Nellie had reported that the presence of murdered Judge Martineau in the gambling club called Friday the Thirteenth had been due to a frame-up, not because the judge was used to frequenting such places. Also, just a few minutes ago, Nellie had reported seeing Terry Groman, old Oliver Groman’s daughter, in Sisco’s nightclub office. It was odd that she’d have contacts with her father’s enemies.

Josh had reported that Judge Broadbough was alarmed by something — probably the first gang reports of the presence of Richard Henry Benson in Ashton City.

By his visit to Broadbough’s home disguised as Vautry, The Avenger had proved conclusively that Norman Vautry and Judge Broadbough were in this up to their necks. Also, Broadbough — had valuable documents somewhere around the place.

The wording of Nellie’s report concerning the talk between Buddy Wilson and the fat man corroborated Benson’s guess that in the murder of Martineau lay a weapon against the whole vicious political-criminal ring. “I helped rig it up. We all did—”

* * *

Exactly when Benson first heard the noise, he couldn’t have said, himself. At one moment he was sitting utterly motionless in the dark office, thinking. At the next, he was sitting equally motionless, but listening with all his powers of concentration.

The Avenger’s hearing was as far beyond normal as the rest of his powers. In steaming jungles and Antarctic cold, in city and wilderness, he had wagered his life on his miraculous hearing — and won.

The first thing he heard, after the few vague sounds out in the hall that had first caught his attention, was the slight scrape of metal against metal.
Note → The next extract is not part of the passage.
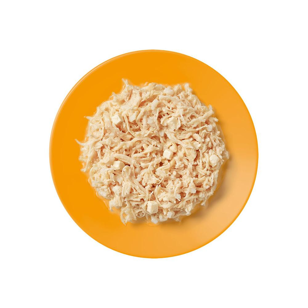 Összetevők: csirkemell 70%, főzővíz 24%, sajt 5%, rizs 1%.

Someone was turning the doorknob. Then there was a slight period of soundlessness. The knob-turner had discovered that the door was locked. After that, there was another tiny, metallic sound as a key was thrust into the lock.

Benson stared grimly through the darkness. Three keys there were supposed to be to that door. Just three. One was owned by Groman’s son, Ted. Another by Terry, his daughter. A third by Groman himself.

Benson had Groman’s key in his pocket now; he had taken it following the old lion’s helplessness.

Who, then was furtively unlocking that door? Ted or Terry? It seemed unlikely that either of them would act that way. They had a right here. Groman’s night nurse had taken advantage of Benson’s presence to go to the kitchen and make herself coffee and a sandwich. Would she have borrowed one of the keys and be entering like this? That was even more unlikely.